Since the real estate market softened, builders have been stuck with too many houses and too much land, in part because jittery buyers canceled contracts at a frantic pace last year. The cancellations kept coming at the beginning of this year.
In the Washington region, the cancellation rate for new homes hit 11.4 percent in January, up from an already high 9.3 percent at the same time last year, according to Hanley Wood, a research firm that tracks construction of new and proposed homes. The number of contract closings dropped 33.3 percent that month to 947, from 1,419 in January 2006.
"There's a growing willingness to trim prices and offer other kinds of incentives" to lure more people to buy, said David Seiders, chief economist at the National Association of Home Builders. "That's been a theme, and there's no doubt it's continuing."
Builders are also watching the problems plaguing the mortgage industry, namely the subprime market that caters to risky borrowers, including people with impaired credit or little money for down payments.
As the real estate market cooled, a growing number of subprime borrowers started missing payments and defaulting.

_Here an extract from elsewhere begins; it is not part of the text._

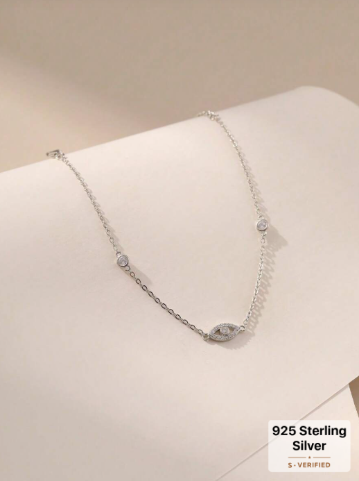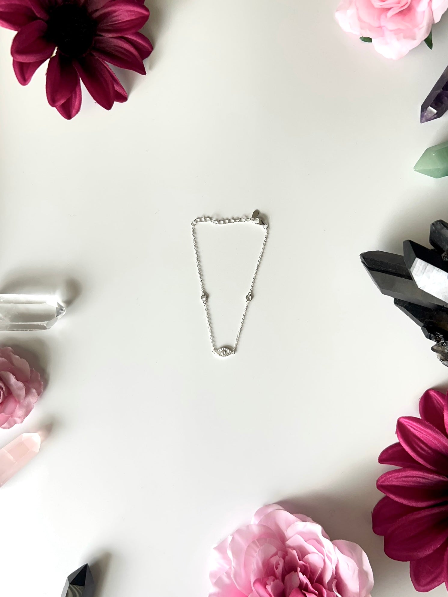 A dainty evil eye charm on a fine sterling silver chain. Made to protect your energy while complementing any stack, ritual, or mood.

That could create a new set of problems for builders by adding to the already large supply of homes for sale and by prompting lenders to crack down on the types of borrowers they finance.
"That means less demand for housing, because borrowers who got loans last year won't get them this year," said Mark Zandi, chief economist at Moody's Economy.com. "It also means more supply of housing, because there's going to be a surge in foreclosures and those properties will be thrown into the market at a discount."
Already, the percentage of subprime loans in the foreclosure process jumped to 4.53 percent from 3.86 percent in the fourth quarter of 2006, according to a national survey by the Mortgage Bankers Association. The percentage of loans that entered foreclosure in the quarter increased to 2 percent from 1.82 percent.
"From the builders' point of view, that makes things tougher than they've been, which I presume means more [downward pressure] on pricing," Seiders said.
Builders are doing more than just cutting prices or offering incentives, said Todd Vencil, a home building industry analyst at BB&T Capital Markets. They're also ridding themselves of land.
They've done this mostly by dropping options that gave them the right to buy land in the future in exchange for a small down payment, Vencil said.
"They're generally not spending money on new land right now. So they're generating quite a bit of cash," Vencil said. "They're trying to generate cash and pay down their debt so that they're ready to take advantage of any opportunities to buy land when the market turns back up."